What does the MSE Academy of Money course cover?The course is made up of six two-hour sessions on key aspects of personal finance, including explanatory videos by MSE founder Martin Lewis. You can choose to complete one session, more or all of them:

  • Making good spending decisions. This session develops your approach to money management by exploring the behavioural and marketing pressures which influence buying decisions, and looking at a simple four-stage decision-making model.

  • Budgeting and taxation. This session looks at how to calculate net incomes. It explores spending patterns, how national insurance and income tax work, and how to build a successful budget.
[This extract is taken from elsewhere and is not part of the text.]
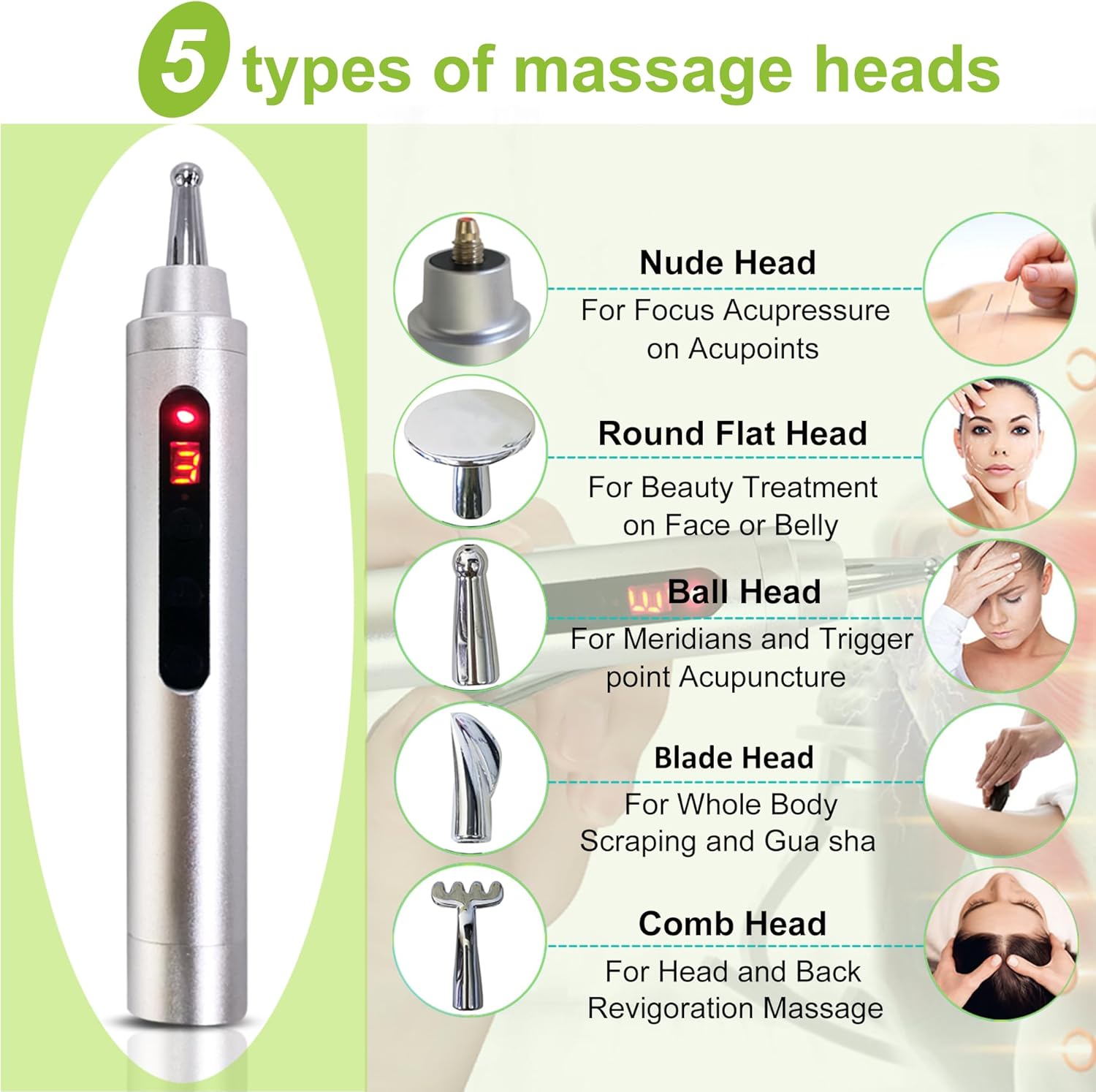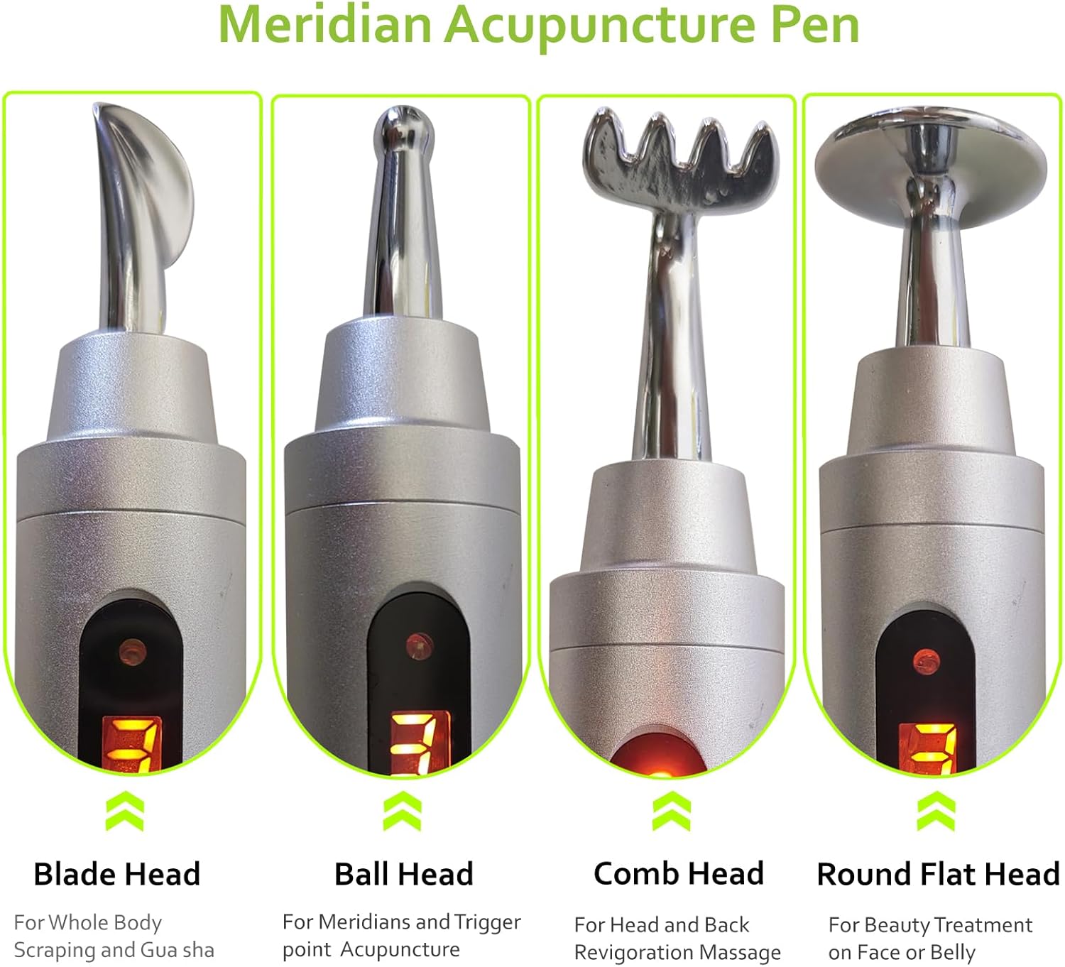Premium Meridian Energy Acupressure Pen – come with 4 different tips and 9 gears intensity for trigger-point therapy, motor points massage, and facial beautification.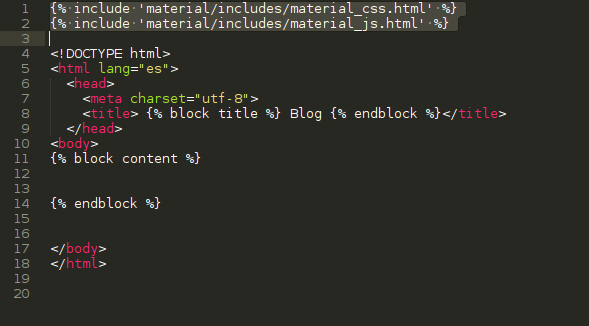 En el archivo base.html se agregarán las siguientes dos líneas las cuales permiten que se use el estilo y javascript a lo material design:

  • Borrowing money. This session looks at how different types of debt work, exploring the differences between them and the dangers. It looks at the concept of "good debt, bad debt" and how to borrow sensibly.

  • Understanding mortgages. This session gives a grounding in how mortgage products work, including interest rates, repayments and possible penalties. It also looks at mortgages from the lender's perspective, explaining why your mobile phone contract could affect how much you borrow.

  • Saving and investment. This session explains the difference between saving and investing. It looks at different types of savings vehicles and the basics of investments such as shares, bonds and commodities – and the associated risks.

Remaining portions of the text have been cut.